Hodja Akhmet Yassawı 8th International Congress On Scientific Research, Konya, Turkey, 17 May 2024, pp.1834-1842
Abstract
In Dīvān Hikmah, which is attributed to Ahmad Yasavī, the subject of ascention/mi‘rāj is mentioned in the context of mi‘rāj of the Prophet Muhammad, Ahmad Yasavī, and lovers of al-Haqq, and is discussed in the perspective of ethics. Moral characteristics of the individual's inner world, such as the elimination of ego, self/nafs, giving up desires, ambitions and all corcern worldly matters, following up the path of mystic love, avoiding hypocrisy and being sincere are explained in connection with mi‘rāj. In addition, a relationship is established between mi‘rāj and socially oriented moral behaviors such as caring for the lonely, poor and orphans, taking care of the brokenhearted and helping the oppressed. These actions are described as prerequisites for ascending to mi‘rāj and seeing of Divine Beauty. According to Dīvān Hikmah, the one who ascends the mi‘rāj feels sorry for the ummah and cries for the sins of the ummah. This human prostrates to Allah for forgiveness for the ummah. Instead of expressing worldly or otherworldly desires for oneself, the person seeks the salvation and well-being of the ummah. In other words, the person becomes ecstatic and completely forgets his/her own self and his/her nafs’s ties. This corresponds to moral qualities such as compassion, mercy, empathy, selflessness and generosity. This study deals with the relationship between mi‘rāj and moral characteristics within the scope of Dīvān Hikmah. It examines both the virtues at the individual level and the actions that are reflected to the social life. According to the work, those who have moral characteristics in their individual world and adopt the behaviors required by them in the social world can experience mi‘rāj. In this context, it can be said that Dīvān Hikmah aims morally perfected and self-sacrificing individuals who seek the ummah’s forgiveness.

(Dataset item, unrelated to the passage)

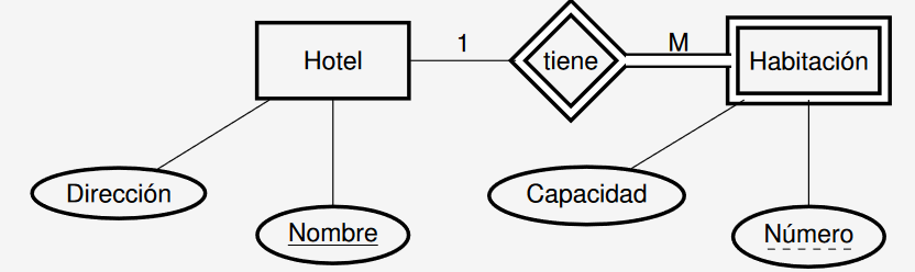 Cuando una entidad depende de otra, se dice que es una entidad débil. Su clave se compone de las claves de sus entidades identificadoras, más normalmente algunos atributos propios, que se denominan discriminantes.

Keywords: Sūfīsm, Ahmad Yasavī, Dīvān Hikmah, Ascention/Mi‘rāj, Moral.
Özet
Ahmed Yesevî’ye nispet edilen Dîvân-ı Hikmet adlı eserde mi'rac konusu; Hz. Peygamber’in, Ahmed Yesevî’nin ve Hak aşıklarının mi'racı bağlamında bahsedilmekte ve ahlakî çerçevede ele alınmaktadır. Eserde ego, nefs, arzu ve hırsların bırakılması, dünyaya gönül vermeme, dünyalık malı önemsememe, muhabbet ehli olma, riyadan kaçınma ve ihlaslı olma gibi bireyin iç dünyasına ait ahlakî özellikler mi'rac ile bağlantılı anlatılır. Bunun yanında garip, fakir ve yetimleri gözetmek, gönlü kırılmış kimseler ile ilgilenip onların derdine çare olmak, yolda kalan mazlumlara yardımcı olmak gibi topluma dönük ahlakî davranışlar ile mi'rac arasında ilişki kurulur. Bu eylemler mi'raca çıkmanın ve Hakk’ın cemalini görmenin ön koşulu gibi ifade edilir. Dîvân-ı Hikmet’e göre; mi'raca çıkan ve Hakk’a vasıl olan kişi ümmet için üzülür, ümmetin günahları için ağlar. Hakk’a ümmetin bağışlanmasını isteme amacıyla secde eder. Kendi için dünyevî veya uhrevî istekleri belirtmek yerine ümmetin kurtuluşunu ve selametini talep eder. Başka bir ifade ile kendinden geçer, nefsini ve nefsi ile ilgili bağlarını tamamen unutur. Bu durum şefkat, merhamet ve empati sahibi olma, diğerkâmlık, cömertlik gibi ahlakî özelliklere tekabül eder. Bu çalışmada Dîvân-ı Hikmet eseri kapsamında, mi'racın ahlakî özellikler ile ilişkisi ele alınmıştır. Bununla ilgili olarak hem birey düzleminde olan erdemler hem de bunların sosyal boyuttaki izdüşümü olan eylemler incelenmiştir. Hakk’a vasıl olan ve mi'rac yaşayan kimselerin ahlakî özellikleri ve bunların gereği olan toplumsal davranışları tespit edilmeye çalışılmıştır. Bu inceleme bağlamında eserin ahlak olarak kemale ermiş, kendi nefsinden geçen, bütün ümmetin affını ve iyiliğini isteyen bireyleri hedeflediği söylenebilir.
Anahtar Kelimeler: Tasavvuf, Ahmed Yesevî, Dîvân-ı Hikmet, Mi'rac, Ahlak.